Browser cache sizes are already too small to effectively cache things for one
origin for any significant amount of time, and when you try to introduce
cross-site caching you quickly run into a few issues.

The big one for fonts is that you very rarely include a WHOLE font in your
site, you generally include a subset of codes that you care about (if you are
targeting english speaking users, no need to include russian characters...).
But in addition to this, unless everyone everywhere agrees to load a specific
version, file encoding, file format, compression format, compression settings,
and more, the checksums will be so spread out as to be basically be useless.
While it's less of an issue with fonts vs something like .js files, it can
still be a problem.

And someone else already touched on the security issue, but to go into more
detail.

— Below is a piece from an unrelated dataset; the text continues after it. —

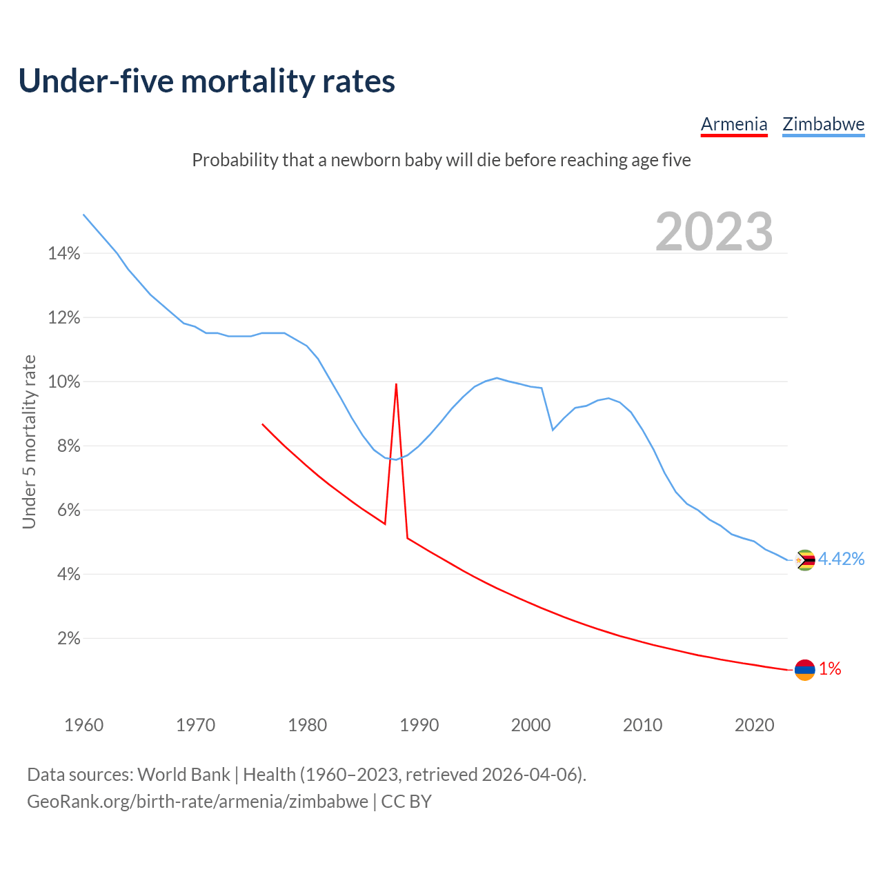 The chance that a newborn baby will die before reaching age five is 1% in Armenia and 4.42% in Zimbabwe. Above is a chart with historical data on under-five mortality rates.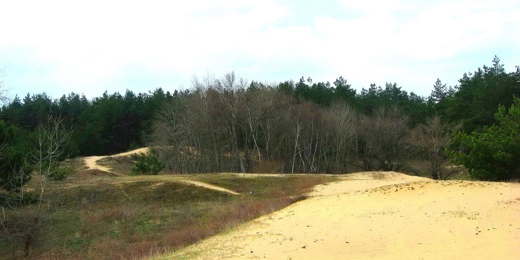 ❓Як же утворилися ці піщані схили в нашій степовій місцевості? Високі схили з’явилися ще в льодовиковий період. Саме рух льодовика залишив після себе такі форми рельєфу. А тала вода нанесла багато піску, глини та щебеню. Так утворилися високі горби і дюни на річкових терасах. Та це не була пустеля. Біля підніжжя кучугур текла річка Конка. Місцевість заростала непролазними очеретами та верболозами. Було тут чимало озерець і боліт. Усе це створювало густі плавні.

At the very least, caching ANYTHING cross-origin lets any page you
load probe for things in your cache. To use a bit of an absurdist example, A
government website could try to load fonts used on a popular "terrorist"
website, and if it gets a cache hit, they can immediately be pretty sure you
have been on the site recently. The size of most caches, and the propensity
for people to clear their cache (or use private browsing) means that this only
gets more and more accurate.

It's one of those things that sounds like a great idea on the surface, but in
the end it would end up causing more issues than it solves. That being said, I
believe there is a proposal somewhere for a standard along these lines, but I
can't seem to find it any more.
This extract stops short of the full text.